Here is how Canadian writer Chris Wood, author of Dry Spring: The Coming Water Crisis of North America, describes his rationale for writing such an alarming book:
Atlanta’s drought, California’s fires, Mexico’s flood, Canada’s weird winters year after year… here at last is a book that connects the dots in a lively way between the headlines, the climate science and the forecast for tomorrow and the day after.
When the climate changes, weather changes. And when the weather changes, so does our ultimate source of water. If your lifestyle, your job, your business or your community rely on water—and that’s just about all of us—you need to know what’s in this book.
Dry Spring spells out the weather forecast for North America and the urgent reasons to begin preparing for the storm just over the horizon. It challenges environmentalist dogma, explaining why today’s leading campaigners for water pose a danger to its future supply. It offers visionary alternatives drawn from working examples around the world and here at home.
In a way, I’ve been writing this book since I was a boy. I grew up half a century ago near a waterfall left over from the continent’s last big climate change—when the ice that covered my Canadian birthplace 12,000 years ago melted. I’ve covered the story off and on for three decades as a working journalist, reporting on catastrophes and conflicts around the world. The final product is the result of close to three years of focused work, scores of interviews, reporting trips to three countries, stacks of scientific reading and the generous help of many people, all to answer just two important questions:
What does ‘climate change’ really mean to us here in the different regions of North America, over the decade just ahead?

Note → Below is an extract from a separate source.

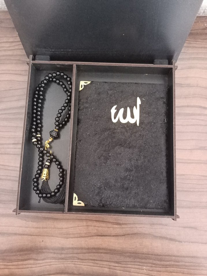 Siyah Kadife Kaplı Kuran-ı Kerim ve Tesbih Seti
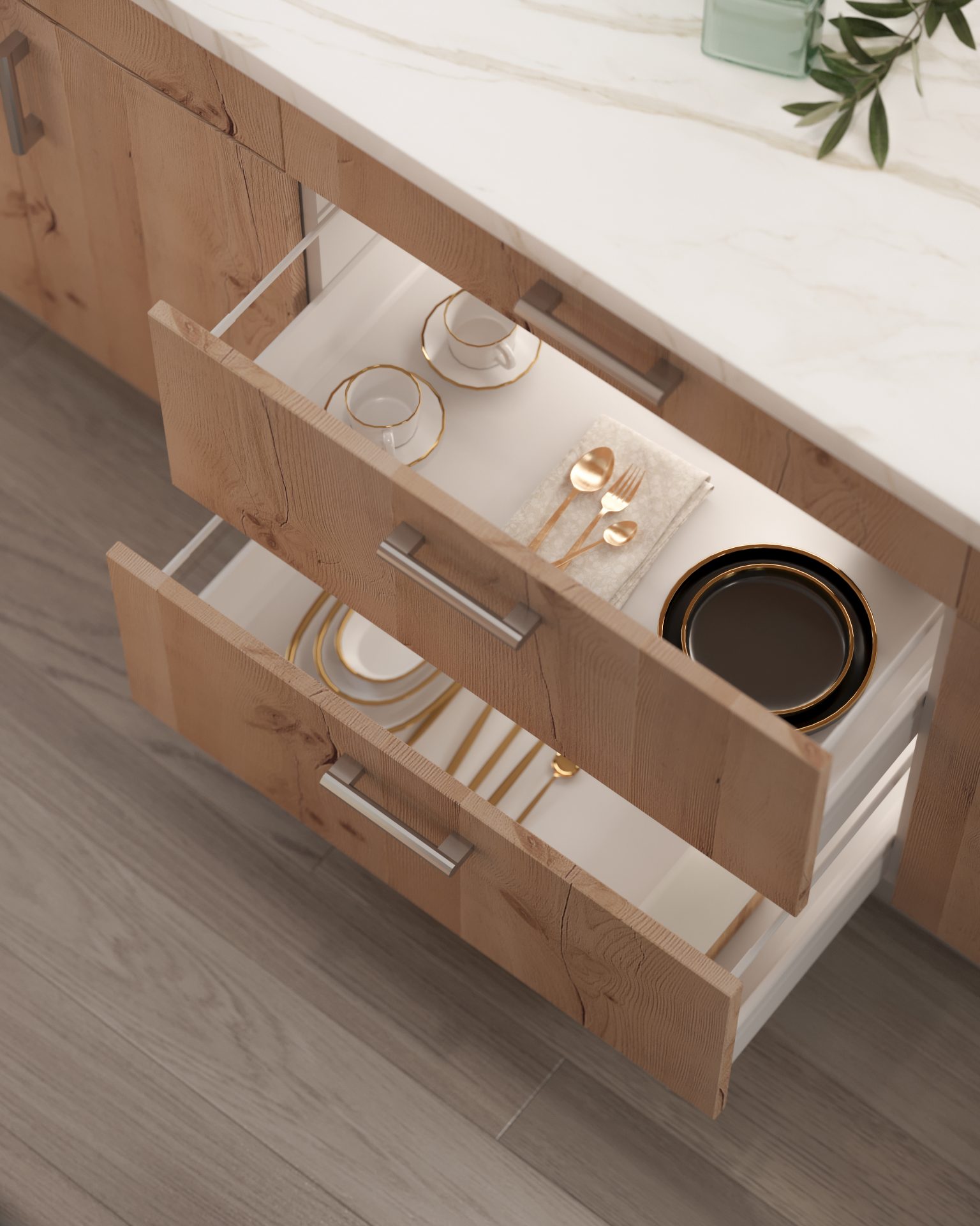 Choose the Driftwood and Barnwood simplistic styles to create a warm, welcoming, and rustic feel. Natural calming tones are present throughout each door and create a cozy feel. These beautifully styled clean, yet modern style cabinets are sure to add that inviting touch to your new kitchen.

What do we need to do in order to be ready for whatever’s coming?
In Dry Spring, you’ll meet a Great Lakes ship captain, a Nevada ‘water-cop,’ an aboriginal elder from Manitoba, a new-age Texas farmer, a Mexican biologist, an east-coast fisherman, and many other North Americans who are finding out first hand what a changing climate feels like. You'll discover an underwater 'bank' in Ohio, a radical water exchange in Alberta, a recycled lake in Las Vegas, and other places where pioneers are breaking with convention to make water work harder while helping to rescue the environment.
You'll learn the dramatic bottom line of climate change in North America and understand why our governments are so reluctant to confront it.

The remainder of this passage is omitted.